First, they are an executive search firm, not a background investigation firm. You wouldn’t hire a lawyer to do your taxes, especially if the lawyer’s fees are directly related to how much money you get back on your tax return.
Second, by nature, an executive search firm has absolutely no motivation to conduct an in-depth background investigation. Why would they? To dig up dirt on their own candidate whom they spent all this time looking for? It’s a complete clash between the university’s interests and their own.
Even if a search firm hires one of the “world’s leading private security firms” to conduct the background investigation, they have no motivation to dig deep and find the stuff they need to protect their clients. They are interested in protecting themselves.
If you hire a candidate for a very public position that pays $450,000 per year and you are coming off a very public scandal, splurge on a background investigation!
Rutgers paid Parker Executive Search $70,000, which included finding the candidate, providing other services and conducting the background investigation. USA Today and numerous other news outlets ran an outrageously false headline suggesting that Parker paid $70,000 for a background check. They didn’t, I promise you. They were paid a total of $70,000, a portion of which was used for a background investigation.
Pictured above: The “background investigation” outlined in the engagement letter between Parker Executive Search to Rutgers University.
Based on what they described in the engagement letter (see above), the portion set aside for the background investigation was probably no more than a few hundred dollars (not including the reference checks).
In fairness, based on some recently reports, it looks like they went a bit deeper, but the so-called “background investigation” that they describe here is nothing short of a joke.
McDonald’s candidates get a more thorough background check.
Dear employers: Stop checking the box with those background investigations.
Background checks are one of those “check the box” things that employers do. Something to put in the file. It’s not until things like this happen that they really start looking into the process a bit more deeply. The same thing happened when the CEO of Yahoo was found to never have earned a degree.

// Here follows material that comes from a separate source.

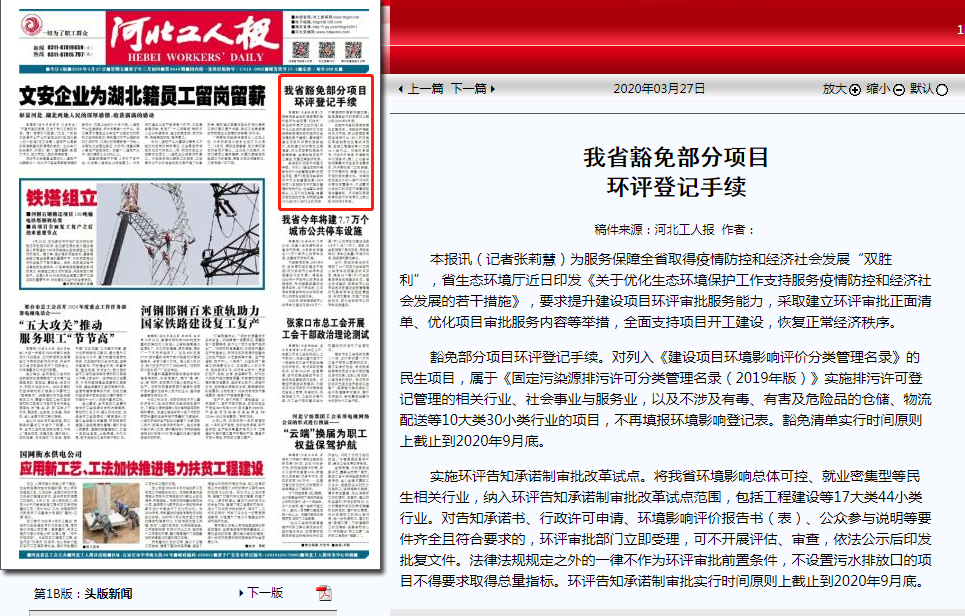 近日印发《关于优化生态环境保护工作支持服务疫情防控和经济社会发展的若干措施》,要求提升建设项目环评审批服务能力,采取建立环评审批正面清单、优化项目审批服务内容等举措,全面支持项目开工建设,恢复正常经济秩序。

Granted, not every candidate needs a thorough, in-depth background check, but for executive hires, C-level hires, public positions, board members or companies coming off a major scandal, don’t get a “check the box” background check for the file.
This kind of background investigation is good for the circular file, but that’s about it. Get a real background investigation done.
Oh yeah … don’t count on the executive search firm to do it (properly, at least).
Not all background investigations are created equal.
Parker’s “background investigation” included “criminal, credit and motor vehicle investigations”; confirmation of candidates’ degrees; reviewing derogatory media; and checking the NCAA for infractions, in addition to some reference checks. Oh yeah … they were supposed to have the candidate sign a statement that their bio was accurate (another sick joke).
We’ve talked about this in a previous post, but the terms “background check” and “background investigation” get thrown around quite a bit. As far as I’m concerned, the so-called background investigation that Parker Executive Search promised in the engagement letter for Rutgers is a joke, especially given the level of the position and the scrutiny that Rutgers had already been under. A lot more can and should be done.
Background investigations will go as far as you want them to go.
A background investigation can be whatever you want it to be. You might consider a Google search to be a background check (it’s not). Or a criminal record search in the county where a candidate lives (sort of a background check). You can go as far as you want and call it whatever you want.
The fact is, it’s impossible to dig up everything, but at the end of the day, you get what you pay for. A background investigation firm may recommend conducting a $20,000 investigation, which in this case would not have been outrageous.
Rutgers, I am sure, would have balked.
Now, Rutgers is paying for what they got … in spades.